Nupur Kothari (Engineering) comes to her Annenberg Fellowship from the elite Indian Institutes of Technology to pursue her specialty, advanced networks of intercommunicating sensors that can monitor environments, as basic scientific data, or search for warnings of danger or signals of opportunity. She wants to make it simpler for non-specialists to write and understand programs for sensor networks; and, as a fellow, she sees "a distinct possibility of collaboration with fellows from the schools of Communication and Cinematic Arts, using mobile phones or custom-made devices as sensors. For example, she says, “one could imagine using cell phone cameras to observe the impact of media on individuals or groups.”

 

USC ANNENBERG FELLOW

Hyunjin Yoon (Engineering) is coming to her Annenberg Fellowship with degrees in computer science and engineering from Ewha Womans University in Seoul.

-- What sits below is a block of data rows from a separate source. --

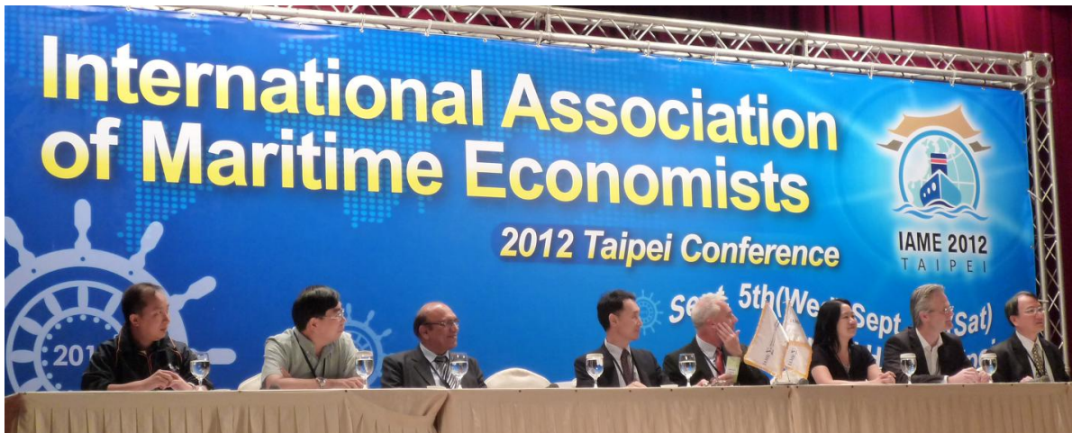
Editors of scholarly journals join the IAME “Meet the Editors” session

The 2012 International Association of Maritime Economists (IAME) Conference was held on 5-8 September 2012 in Taipei. A “Meet the Editors” Session was arranged on 8 September 2012. SRC members were invited to participate in the session to represent such scholarly journals as the International Journal of Shipping and Transport Logistics , International Journal of Production Economics , and OMEGA .
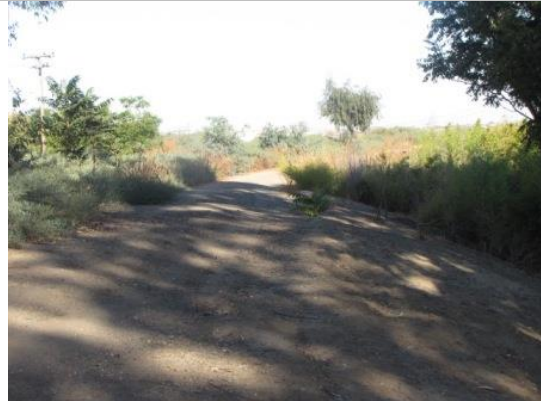
Looking north at dense vegetation on the landside and waterside slopes.
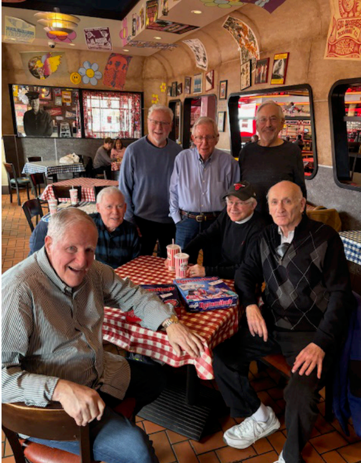
Rummikub crew meets at Portillo's
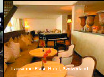
Lausanne-Place Hotel, Switzerland
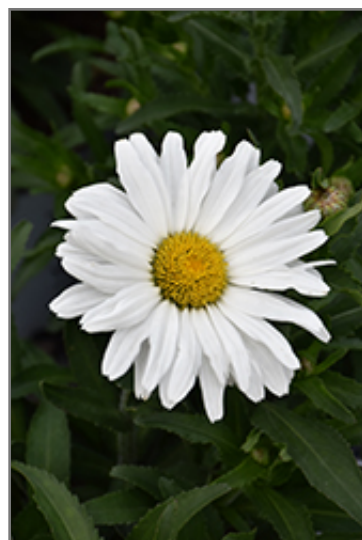
Daisy May Shasta Daisy flowers
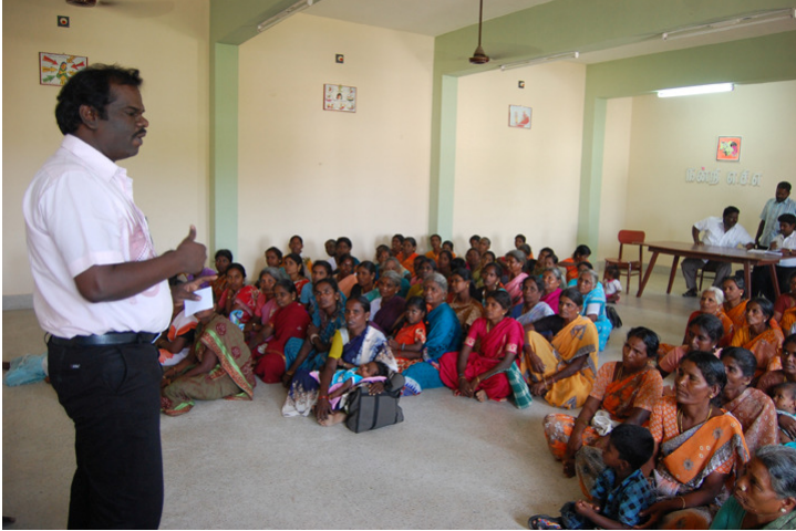
Women leaders meeting

These SHGs also have functioned as pressure groups to initiate changes, take up issues of common concern and defend the rights of the members in the village level.
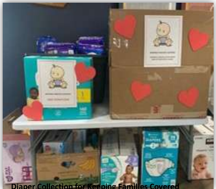
Diaper Collection for Keeping Families Covered
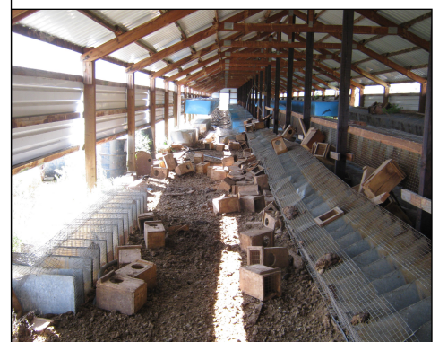
ABANDONED MINK FARM HENEFER, UT
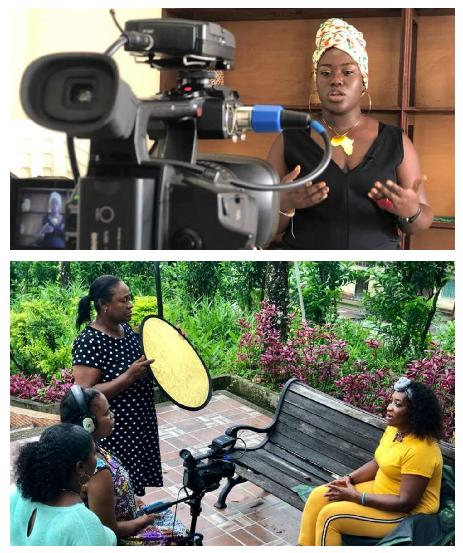
Colombian women during the production of their participatory videos. Quibdó, Colombia.
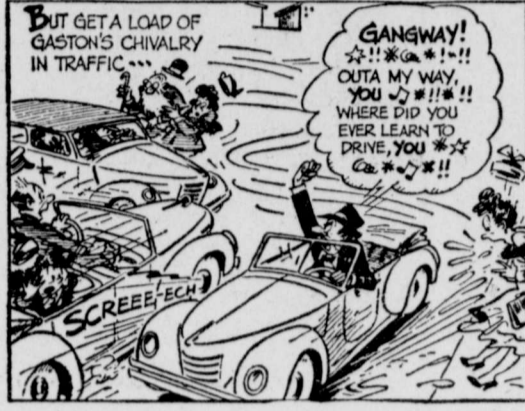
The Travelers Safety Service

The use of courtesy on the highways could drastically reduce the number of casualties.
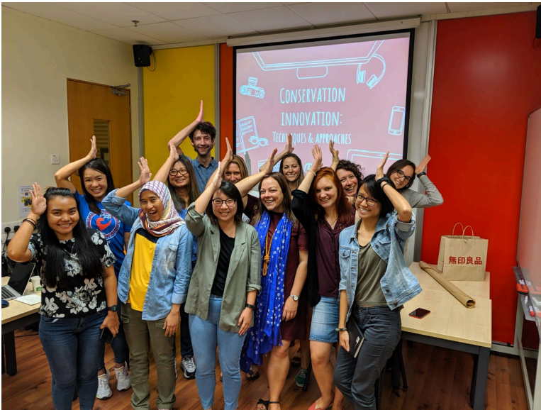
(picture from the Conservation Innovation workshop I participated in at ICCB 2019)
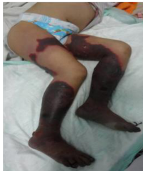
Fig. 2. Bilateral necrosis of the patient's lower extremities involving the pedal and tibial area with some areas of the thighs affected.

bone ends were exposed and dry. The patient was alert but looked malnourished. Unfortunately, the parents denied further treatment once again due to financial circumstances. Two months later, the patient was admitted to the surgical ward by the city council to receive prostheses. In spite of the cutaneous gangrene up to the thigh areas, there weren't any signs of any further propagation of the disease since her last admission. Physical examination showed autoamputation of both legs above the ankles without any signs of sepsis. Both knees were held in a slightly flexed position with adduction of both hips. Fig. 3 shows that both stumps had exposed bone with surrounding necrotic tissue. The lower extremities X-Ray results do not show any signs of destruction of the bones and their surrounding soft tissues as shown in Fig. 4. Debridement of necrotic bone and soft tissue and skin grafting was performed to cover the exposed tissue and bone ends. The child was subsequently fitted with patella tendon bearing prostheses. In the present day, 5 years after the operation, the patient is currently in a healthy condition without any additional complaints and is grateful that she is able

As a computer science graduate student in the USC Viterbi School, she is hoping to make machines better at pulling information out of complicated environments, making these machines better able to communicate with the humans who are using them. Among the uses she’s trying to improve is rehabilitation of patients with nerve damage, and to further this work, she’s hoping to take courses on rehabilitation. She had many choices of places to go to further her career but  “school rank was the very first thing considered in deciding where to go, and it was a plus that USC had a great reputation for its strong alumni network in my home country.”

 

USC ANNENBERG FELLOW

Sepehr Dehpour (Cinematic Arts) is the epitome of a cross-over scholar. A first-year M.F.A. student in animation and digital arts, he is interested in better ways to render images digitally, using tools like “Human Skin Shader” writing, 3-D models and “wizards” to guide non-technical artists in the digital realm. With an undergraduate degree in electrical engineering from Beheshti University of Iran, Dehpour fully expects to venture outside the School of Cinematic Arts in his USC studies. “I’m looking for both technical and artistic achievement in my work,” he says. “For the technical achievement, I’m looking forward to collaboration with computer scientists.”